Mr Murphy said partnerships with forest products companies had led to the Fund protecting vast and ecologically important tracts of forests in America.

America’s forests fell into two groups. The first was about 3.1 million square kilometres of US forests, many publicly owned, such as the national and state forests.

“These protected lands are managed for a variety of uses, including public recreation and wildlife habitat,” he said.

“The other, lesser known types of forest are private-owned working forests. These comprise more than half the forests in our country – about 1.7 million square kilometres – and are critical to our economy and ecosystems.”

They provided timber for construction, pulp and fibre for paper and packaging, and “thousands of products that we need to live, work and play”.

In 1998, Mr Murphy said an early achievement of the Fund was to buy a forest owned by Champion International – 120,000 hectares across the states of New York, Vermont and New Hampshire. “For reference, the City of Canberra is 81,000 hectares,” he said.

Seventy per cent of the land was kept as a working forest and the remaining 30 per cent put in public ownership. Conservation easements limited further subdivision to ensure long-term protection of the local forest industry.

Mr Murphy said at the same time, the Fund responded to a big shift in the economics of the US timber industry. A variety of factors, including real estate pressures and tax changes, were forcing forestland owners to place their land in more tax-efficient structures or sell their land for needed cash.

“Timberland thus became a financial asset class … without regard to their essential value as ecosystems,” he said. Over the past two decades, vertically integrated companies that made pulp, paper and solid wood products sold off about 365,000 square kilometres of timberlands.

The new owners were timber investment management organisations (TIMOs), which often buy forests to maximise returns for institutional clients.

Mr Murphy said the Fund, facing the possible destruction of ecosystems and local forest economies, “rolled up its sleeves and got to work”, buying more forests, which in 2009 evolved to a coherent program – the Working Forest Fund.

This fund invested directly in economically and environmentally important forests in all key forestland geographies.

Mr Murphy said the Fund’s team approach consisted of the following:

*A sustainable management plan, with focus on wildlife habitat, carbon dioxide sequestration, water quality and asset value.

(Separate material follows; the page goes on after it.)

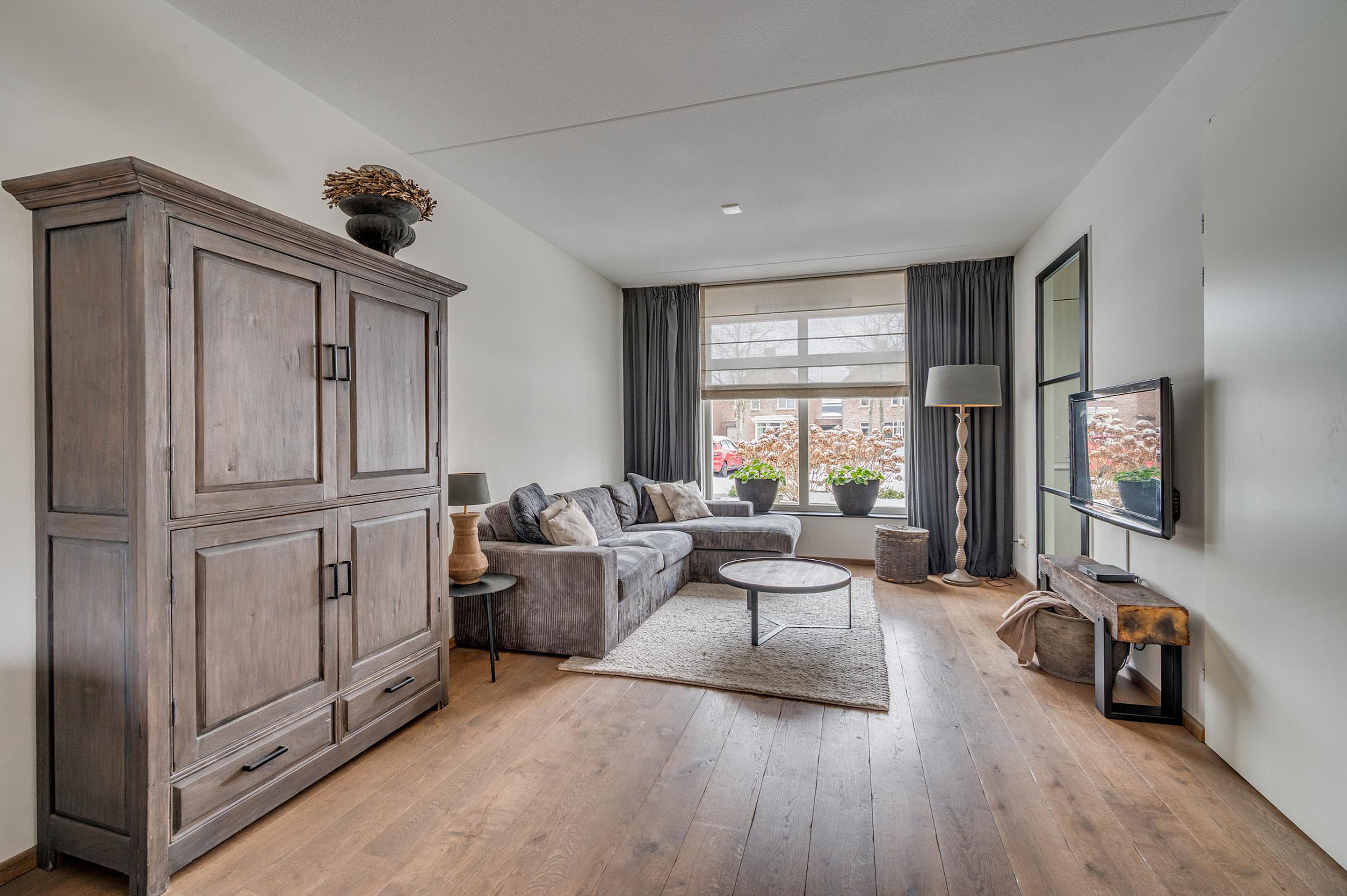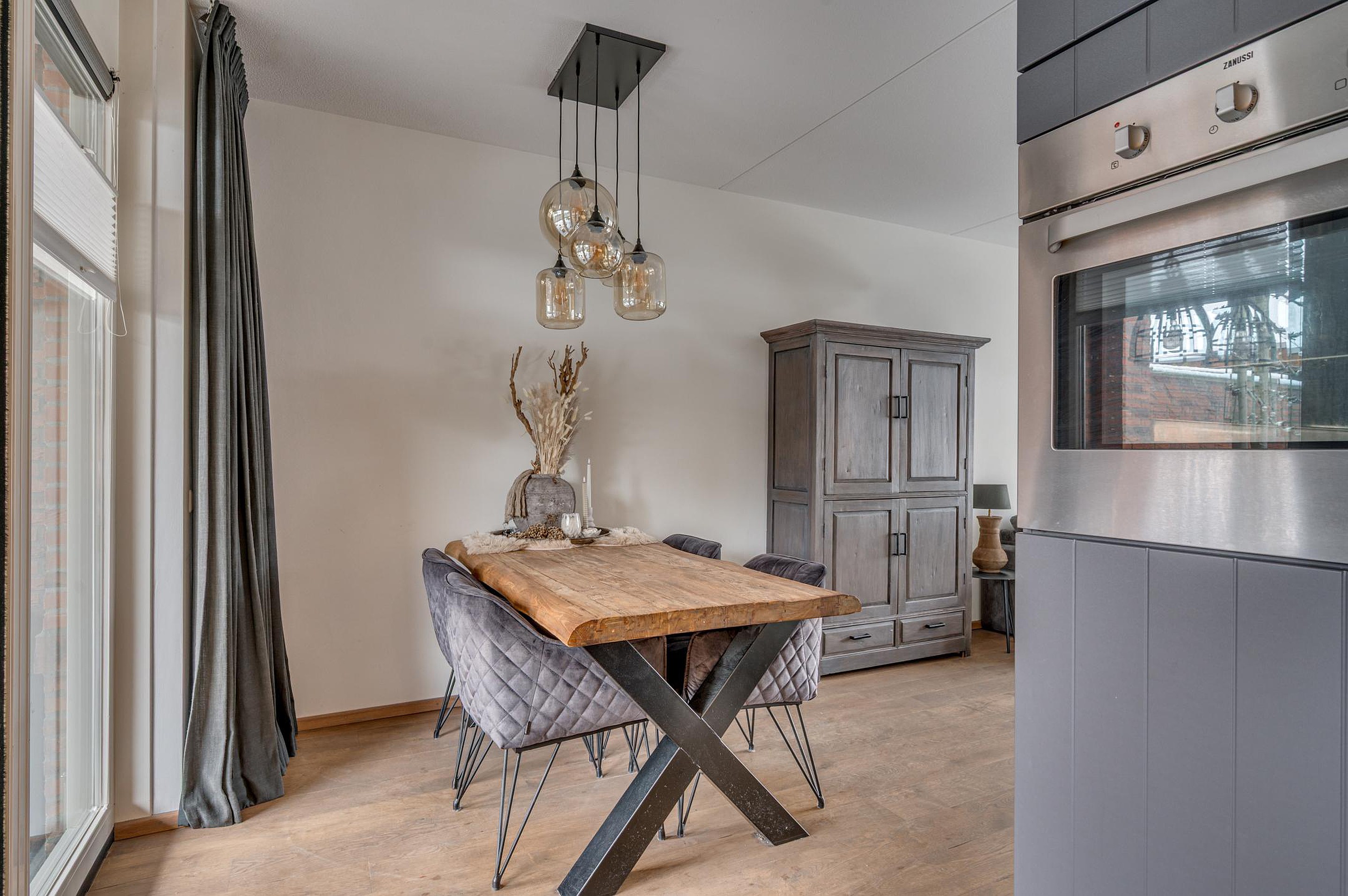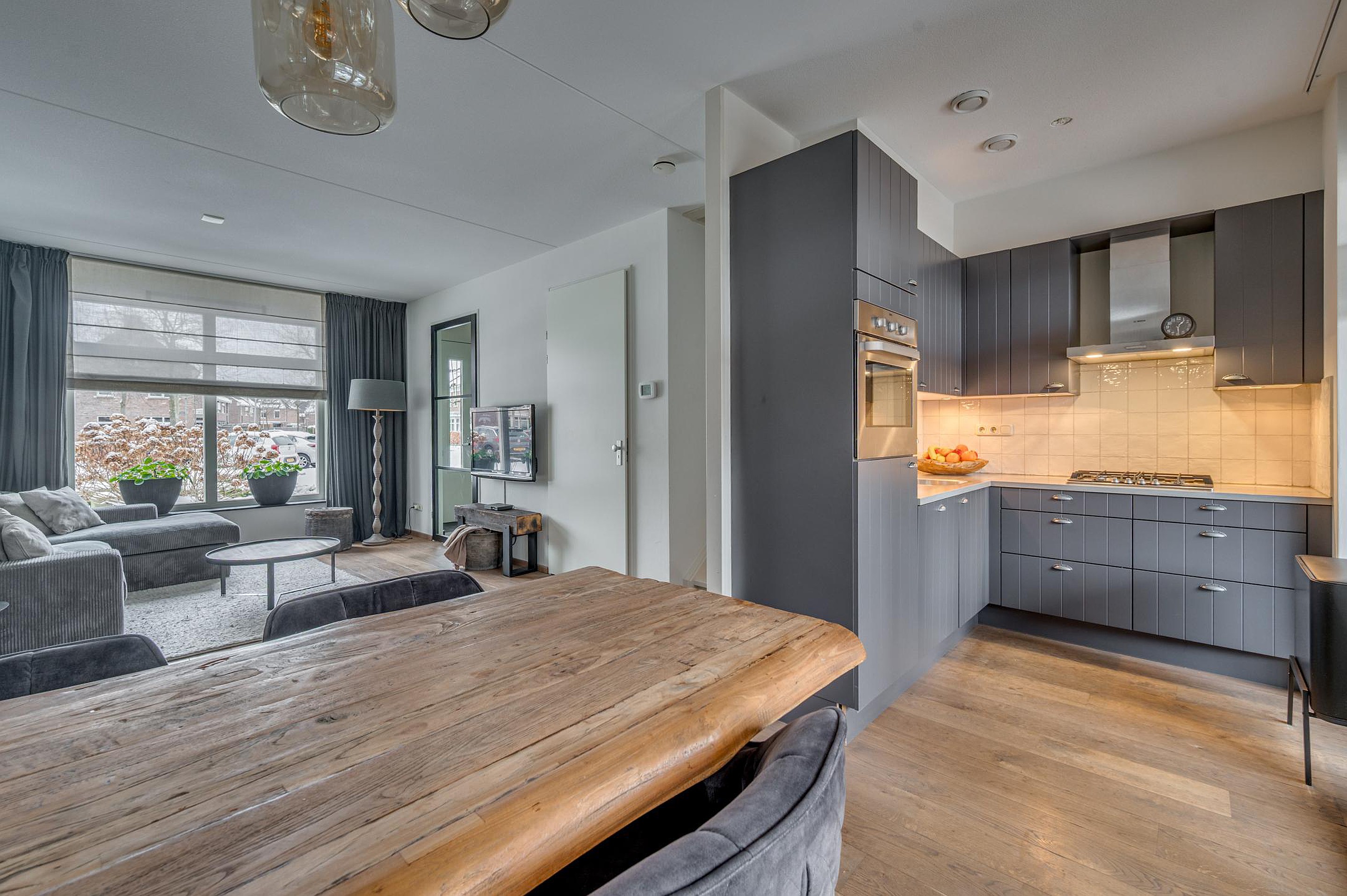Via de entree is de hal bereikbaar met garderobe, meterkast en een modern toilet. Vanuit de hal heb je toegang tot de gezellige woonkamer met grote raampartijen en openslaande deuren maar de tuin. Aan de voorzijde is er vrij uitzicht op de groenvoorziening. In de woonkamer bevindt zich tevens een praktische trap-/bergkast. De halfopen keuken is aan de achterzijde gesitueerd en uitgevoerd in een moderne hoekopstelling. De keuken is voorzien van een gasfornuis, afzuigkap, combi-oven, koelkast en vaatwasser. De gehele begane grond is afgewerkt met een fraaie houten vloer en voorzien van vloerverwarming.
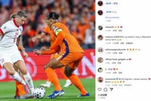 莱万晒出自己在比赛中和荷兰队长范迪克的对位照,并配文:“1-1战平”。

*Certification, either through the Forest Stewardship Council or the Sustainable Forestry initiative.

*Raise funds for an easement on the property, through a private land trust or a public agency, to ensure the property remains a protected, sustainable working forest.

*After 3-7 years, return the forestland to private or public ownership, ensuring it remains a protected working forest.

*Revenue from protected forests re-invested in other working forests, creating an expanding network of permanently protected, privately-owned working forests.

Mr Murphy said to date, the Fund had protected more than 200,000 hectares of working forests in 31 projects. This process had protected habitat for more than 82 rare animals, including 17 endangered and threatened species; more than 52 million tonnes of CO2 had been taken from atmosphere; and 3800 timber jobs created with $452 million in timber sales.

Business had been absent until a 2015 partnership with Apple, which aimed to protect or restore working forest to make paper in its product packaging.

Mr Murphy said with partnerships in America and China, yearly production from Apple’s projects was now greater than the amount of virgin fibre used in Apple’s product packaging.

“And we’ve already seen other major companies who have stepped up to follow Apple’s lead. Dell, Disney, UPS and more are investing in protecting working forests to meet business needs,” he said.

Working forests supported 2.8 million jobs, contributing $120 billion to America’s gross domestic product. “They are the environment equivalent of the working farm, embedded in the fabric of our national identity,” he said.

Mr Murphy said US forests stored 192 million metric tons of carbon per year. “Two mature trees provide enough oxygen for one person to breathe over a year,” he said.